Scottish Clearances Cultural Genocide?

Sep 2008
268
Orkney, United Kingdom
#11
But it just isn't British history unless you blame the English for everything.

I think the books highlight it more so due to the fact that it is better documented and it ties in nicely with the rise of industrialism. I understand the view of 'cultural genocide' as it appears like that to me as well. How would this be seen these day's? would you lable the workers refugees?
Could you expand on the refugee bit please?
 
Nov 2008
69
Lincoln,UK
#12
Although no war has taken place these people still can no longer live where they were due to they loss of their homes and jobs and are therefore forced to move onto other peoples lands and try to make a living elsewhere.
 
Jul 2007
9,098
Canada
#13
Perhaps history books/historians made Scotland more prominant in their writings?
Hmmm ... well the transition in England (the Enclosures) is fairly prominent among historians too.
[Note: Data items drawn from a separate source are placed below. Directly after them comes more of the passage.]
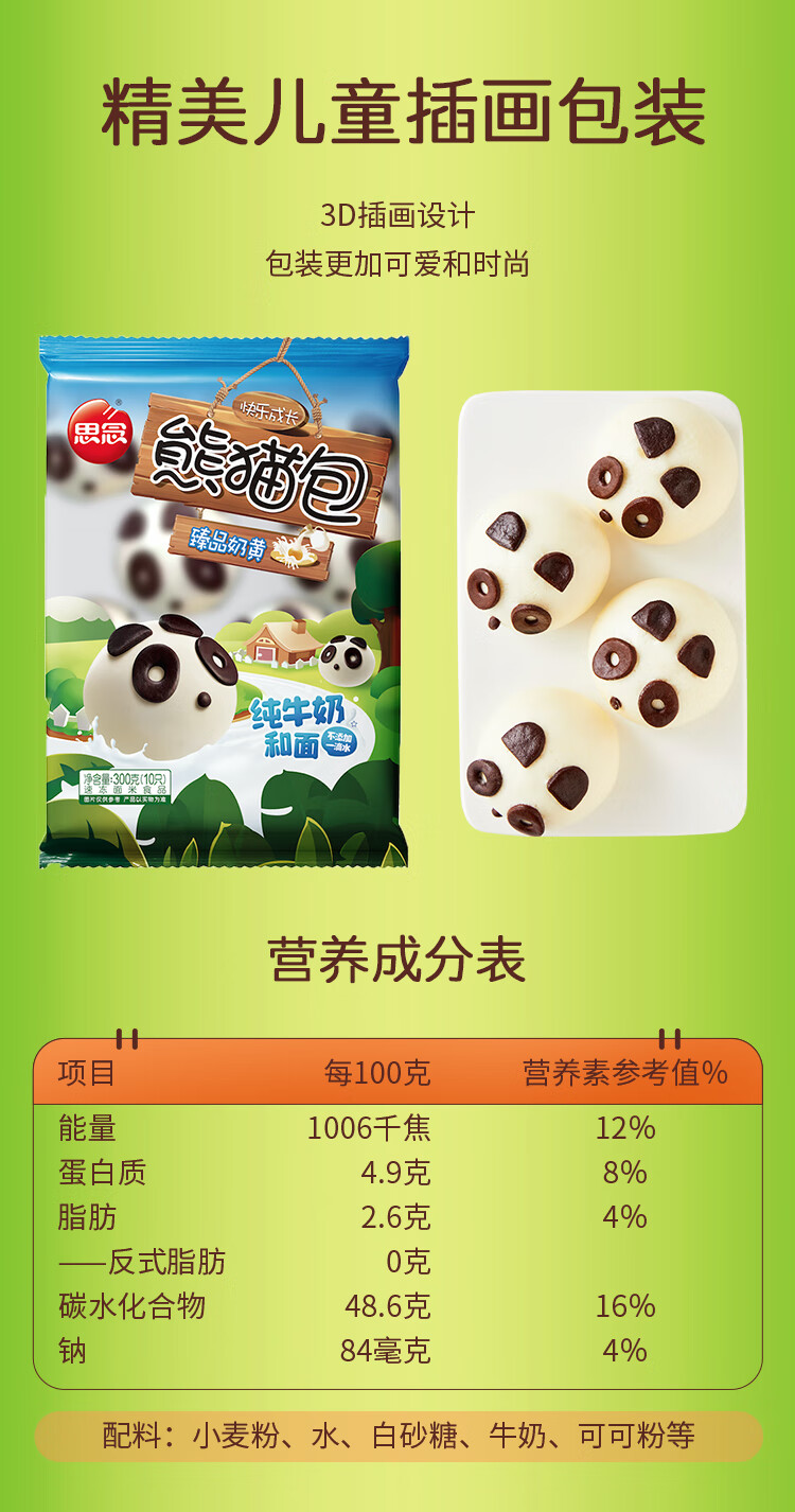 【百】思念快乐成长熊猫包臻品奶黄300g/袋
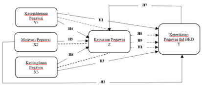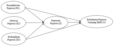 Maka dari itu, berdasarkan peran dari BKD yang besar terhadap pegawai dan juga krusialnya BKD bagi pegawai negeri sipil yang bekerja untuk pemerintah daerah dan berdasarkan penemuan yang dijabarkan oleh peneliti sebelumnya, peneliti hendak melakukan penelitian mengenai analisa hubungan antara kesejahteraan pegawai, tingkat motivasi dan kedisiplinan pegawai terhadap keterikatan pegawai terhadap BKD. Dalam penelitian ini, berdasarkan penjabaran yang sudah dilakukan sebelumnya, peneliti menggunakan variabel kepuasan pegawai terhadap keberadaan BKD sebagai variabel interving dalam penelitian ini.
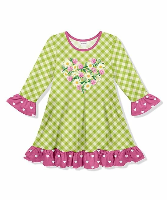 She’ll love the diversity of this contrasting dress that features bold prints fashioned with a ruffle finish. Its soft and stretchy fabric allows for easy wear and comfort throughout her busy day.

It's just that it takes place earlier and over a much longer period of time - the removal of feudal tenure rights and access to commons in England took place over several centuries. In Scotland, the landowners decided to "update" practices and end the feudal systems of land management practically overnight, over just a few decades.
 
Sep 2008
268
Orkney, United Kingdom
#14
Although no war has taken place these people still can no longer live where they were due to they loss of their homes and jobs and are therefore forced to move onto other peoples lands and try to make a living elsewhere.
Thanks Dan, I think technically yes. If any group of people are forced from their area (usually a large area of a country I think you will agree). They take with them their culture, their way of life. And as a result the area loses that culture and quite often it is a rich culture. Though these cultures often survive as did the Scots culture, it is also in danger of being diluted or merged into their host culture. This then could cause a hybrid culture but the essence of the original is lost.
 
Sep 2008
268
Orkney, United Kingdom
#15
Hmmm ... well the transition in England (the Enclosures) is fairly prominent among historians too.

It's just that it takes place earlier and over a much longer period of time - the removal of feudal tenure rights and access to commons in England took place over several centuries. In Scotland, the landowners decided to "update" practices and end the feudal systems of land management practically overnight, over just a few decades.
Perhaps also the natural animosity between the two has highlighted the Clearances more than the Enclosures (Of course this dependes on which of the border you live)?.
 
Jul 2007
9,098
Canada
#16
Perhaps also the natural animosity between the two has highlighted the Clearances more than the Enclosures (Of course this dependes on which of the border you live)?.
No ... I don't really think so. The Clearances were much more of a spectacle, much more visible. It wasn't a slow process affecting only a few here and there at a time, as the Enclosures and the removal of the commoners' feudal-era property rights was in England. It was a massive, shocking transformation that impacted a large segment of the population in a short period of time, so it was a more apparent crisis.